At 70B scale, the method delivers compelling results: 25% compression with 99% task performance, halved GPU count, and 34–36% FLOP reduction — all without custom kernels. For practitioners deploying LLAMA2-70B or similar models, SliceGPT represents one of the most deployment-friendly compression options available.
The method’s limitations are equally clear: it is most effective for large (≥30B) models, has been validated primarily on short zero-shot classification tasks, leaves the MLP intermediate dimension untouched, and does not address the KV cache. These are not disqualifying limitations but they define the boundary conditions for when SliceGPT is the right tool.
For researchers building on this work, the most impactful next steps are: MLP intermediate slicing, per-head KV-cache reduction via head-dimension PCA, extended evaluation on reasoning and code tasks, and composability with quantization. The computational invariance theorem itself is a result worth studying independently — it may underpin future compression methods for other neural architectures beyond transformers.
Personal take: SliceGPT is one of the most pedagogically clean papers in post-training compression. The core insight fits in five lines of algebra, the code is minimal and well-commented, and the 70B results are genuinely impressive. Reading the computational invariance proof is time well spent for anyone working with transformer internals.

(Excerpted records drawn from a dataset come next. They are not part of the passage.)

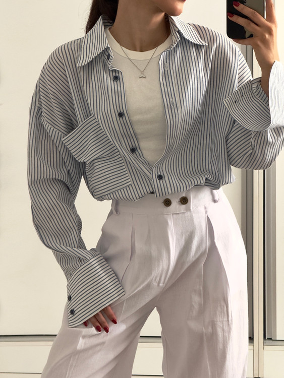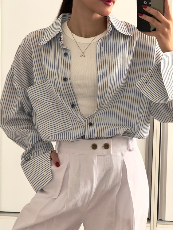 شومیز راه راه لینن ترک زنانه
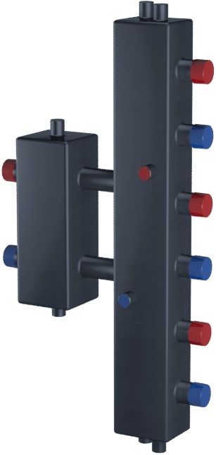 RISPA (РИСПА) ГРУ+КМВ 70-3В это гидравлический разделитель, который совмещен в одной конструкции с модульным коллектором. Устройство изготовлено из прочной углеродистой стали, толщиной 3 мм, потому отличается прочностью и надежностью. Способно выдержать давление до 6 бар и температуру теплоносителя до 110 .
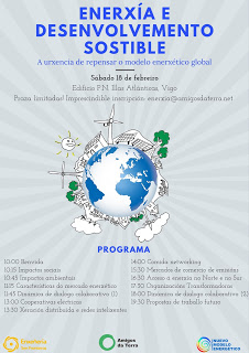 Amigos da Terra e Enxeñería Sen Fronteiras apoiadas pola Plataforma por un Nuevo Modelo Energético unen esforzos para organizar a xornada “Enerxía e Desenvolvemento sostible. A urxencia de repensar o modelo enerxético global” que se celebrará o vindeiro sábado 18 de febreiro en Vigo.
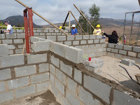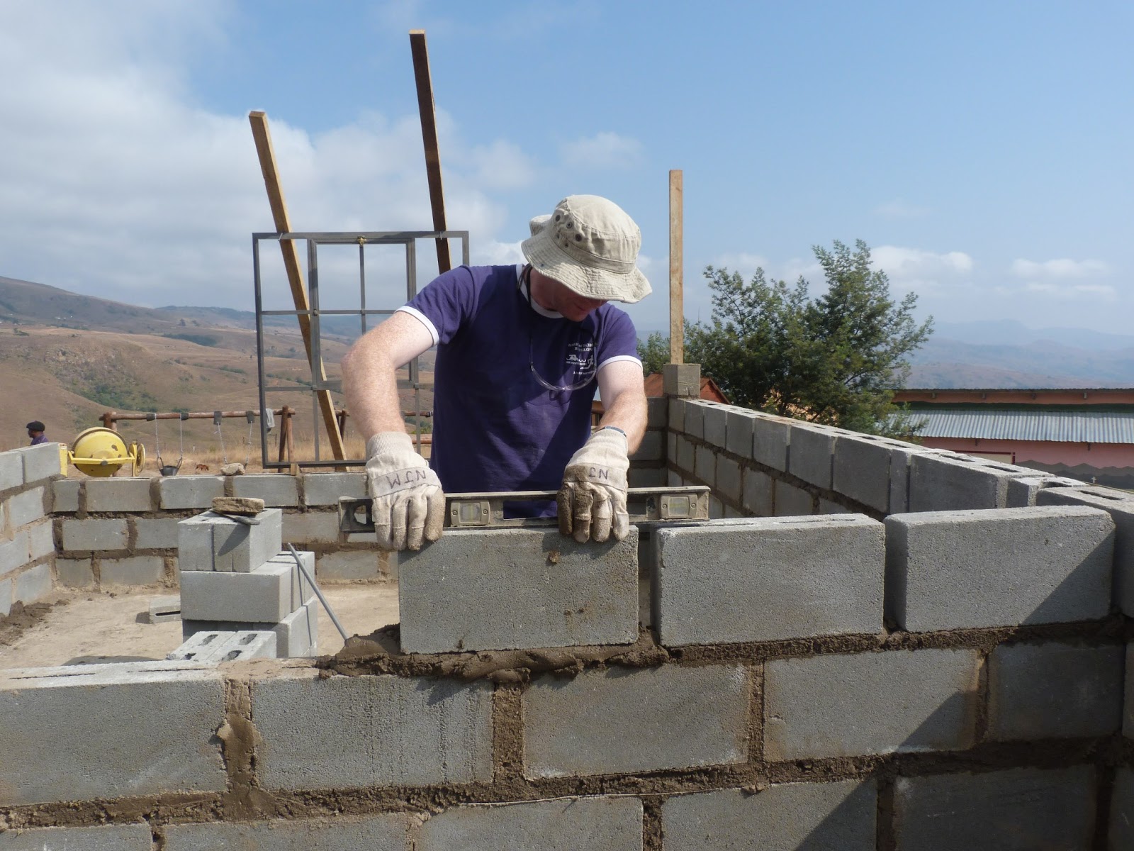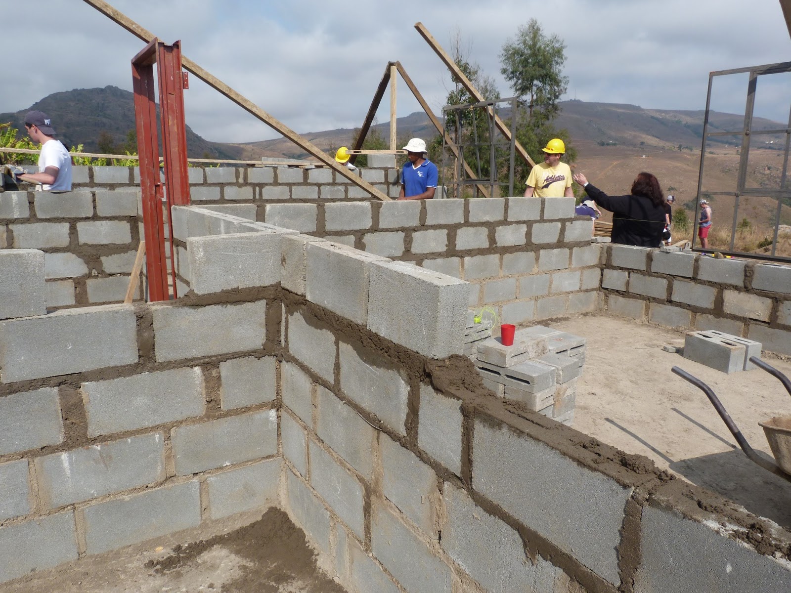 Some boys mixed concrete; others dug a massive hole for the drain or built trusses for the roof. The majority, however, started building the walls of the house of which the foundations floor and first line of bricks were built before our arrival.
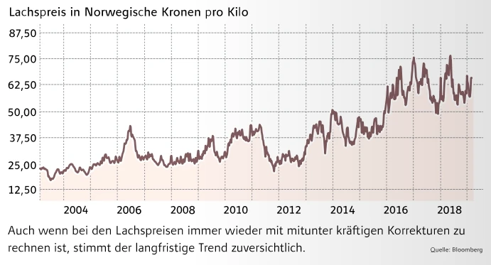 Der Grund hierfür ist ein Analystenkommentar aus dem Hause DNB. Deren Analysten rechnen mit einer deutlich geringeren Lachsnachfrage als der Großteil der anderen Experten. Hingegen erwartet die DNB ein stärkeres Angebotswachstum. Ihrer Ansicht nach dürften die Lachspreise 2019 bis 2021 durchschnittlich in einer Range von 55 bis 57 Norwegischen Kronen bewegen – also deutlich unter dem aktuellen Niveau (siehe Chart).

Related Work and Further Reading
For deeper context:
- SparseGPT (Frantar & Alistarh, NeurIPS 2023) — unstructured counterpart; compare their layer-wise reconstruction against SliceGPT’s PCA calibration
- SVD-LLM (Wang et al., 2024) — weight-level SVD for LLMs; contrasts with SliceGPT’s activation-space philosophy
- ASVD (Yuan et al., 2023) — activation-aware SVD, thematically closest to SliceGPT but at the weight level
- QuIP# (Tseng et al., NeurIPS 2024) — uses random orthogonal incoherence transforms before quantization; the orthogonal-transform idea is mathematically related to SliceGPT’s basis change, applied to enable better quantization rather than slicing
- LLM-Pruner (Ma et al., 2023) — gradient-guided structural pruning; shows how heuristic-based methods compare in accuracy-compression trade-off
- TransformerCompression (GitHub) — official open-source implementation by Microsoft Research; clean, well-documented, actively maintained
Conceptual Reading Path
For a reader new to post-training compression, the recommended reading order is:
- This paper (SliceGPT) — start here to understand the theoretical framework
- SparseGPT — see how unstructured methods handle the same calibration-based problem differently
- SVD-LLM / ASVD — compare weight-space vs. activation-space SVD approaches directly
- QuIP# — see how the same orthogonal-transform idea is applied in a quantization context
- LLM-Pruner — understand gradient-guided structural pruning to appreciate SliceGPT’s calibration-only simplicity
This path builds a coherent mental model: the common thread across all these methods is using calibration data to guide compression decisions, with each method differing in what is compressed (weights, activations, structure) and how the calibration signal is used (Hessian, PCA, gradient).